Department of Science, Technology and Society, 307 Bethune College, York University, 4700 Keele Street, Toronto, ON, M3J 1P3, Canada.
University of São Paulo Public Health School, Health Law Research Center of the University of São Paulo, Av. Dr. Arnaldo, 715, São Paulo, Brazil.
Orphanet J Rare Dis. 2022 Sep 5;17(1):344. doi: 10.1186/s13023-022-02476-6.

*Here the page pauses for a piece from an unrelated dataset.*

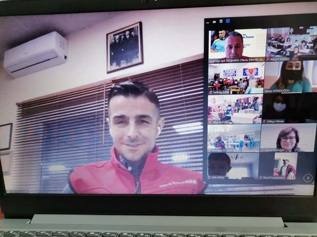 Moderatörlüğünü Fmv İstanbul Özel Ayazağa Işık İlkokulu’ndan Akın Hoşkilimci ile Kdz Ereğli Kepez Şehit Kader Acar İlkokulu öğretmenlerinden Serap Gündoğdu’nun yaptığı canlı platforma Karadeniz Ereğli İsmet İnönü İlkokulundan Fadime Türk, Karadeniz Ereğli Sinitli İlkokulu Hilal Durmaz Uzunoğlu, Karadeniz Ereğli Kepez Şehit Kader Acar İlkokulu’ndan Turgut Sağlam, Kahramanmaraş Pazarcık Mezra İlkokulu’ndan Harun Özdoğan , Adana Çukurova İMKB İlkokulu’ndan Melek Gökçe Yılmaz , Ordu Fatsa’dan Şehit Kerem Çalışkancı İlkokulu’ndan Resul Karabacak , Ankara Hakan Akbıyık İlkokulu’ndan Nihan Tezcan Ermiş , Konya Doğanlı İlkokulu’ndan Ömer Sağlam , İtalya Roma I.C.S. La Guistiniana’dan Anna Terasa Fiori ve Rita Bottari olmak üzere, öğrencileriyle birlikte sınıflarından çevrimiçi seminere katıldılar.

Rare diseases are associated with difficulties in addressing unmet medical needs, lack of access to treatment, high prices, evidentiary mismatch, equity, etc. While challenges facing the development of drugs for rare diseases are experienced differently globally (i.e., higher vs. lower and middle income countries), many are also expressed transnationally, which suggests systemic issues. Pharmaceutical innovation is highly regulated and institutionalized, leading to firmly established innovation pathways. While deviating from these innovation pathways is difficult, we take the position that doing so is of critical importance. The reason is that the current model of pharmaceutical innovation alone will not deliver the quantity of products needed to address the unmet needs faced by rare disease patients, nor at a price point that is sustainable for healthcare systems. In light of the problems in rare diseases, we hold that re-thinking innovation is crucial and more room should be provided for alternative innovation pathways. We already observe a significant number and variety of new types of initiatives in the rare diseases field that propose or use alternative pharmaceutical innovation pathways which have in common that they involve a diverse set of societal stakeholders, explicitly address a higher societal goal, or both. Our position is that principles of social innovation can be drawn on in the framing and articulation of such alternative pathways, which we term here social pharmaceutical innovation (SPIN), and that it should be given more room for development. As an interdisciplinary research team in the social sciences, public health and law, the cases of SPIN we investigate are spread transnationally, and include higher income as well as middle income countries. We do this to develop a better understanding of the social pharmaceutical innovation field's breadth and to advance changes ranging from the bedside to system levels. We seek collaborations with those working in such projects (e.g., patients and patient organisations, researchers in rare diseases, industry, and policy makers). We aim to add comparative and evaluative value to social pharmaceutical innovation, and we seek to ignite further interest in these initiatives, thereby actively contributing to them as a part of our work.
罕见病的治疗存在医疗需求未得到满足、药物可及性差、药价高、证据不匹配、公平性等问题。虽然全球各国(高收入和中低收入国家)在面临罕见病药物研发挑战方面存在差异,但也存在跨国表达的共性,这表明存在系统性问题。药物创新受到高度监管和制度化,导致创新途径非常固定。虽然偏离这些创新途径具有挑战性,但我们认为这一点至关重要。原因是,仅靠当前的药物创新模式无法提供满足罕见病患者未满足需求所需的产品数量,也无法以对医疗体系可持续的价格点提供这些产品。鉴于罕见病领域存在的问题,我们认为重新思考创新至关重要,应提供更多的空间来探索替代创新途径。我们已经在罕见病领域观察到大量新类型的倡议,这些倡议提出或采用替代药物创新途径,这些倡议的共同点是涉及多样化的社会利益相关者,明确解决更高的社会目标,或者两者兼而有之。我们的立场是,可以借鉴社会创新原则来构建和阐明这些替代途径,我们将其称为社会制药创新(SPIN),并应给予其更多的发展空间。作为一个跨学科的社会科学、公共卫生和法律研究团队,我们研究的 SPIN 案例分布在跨国范围内,包括高收入和中等收入国家。我们这样做是为了更好地了解社会制药创新领域的广度,并推动从床边到系统层面的变革。我们寻求与那些从事此类项目的人(例如患者和患者组织、罕见病研究人员、行业和政策制定者)合作。我们旨在为社会制药创新增加比较和评估价值,并寻求激发对这些倡议的进一步兴趣,从而积极参与其中,作为我们工作的一部分。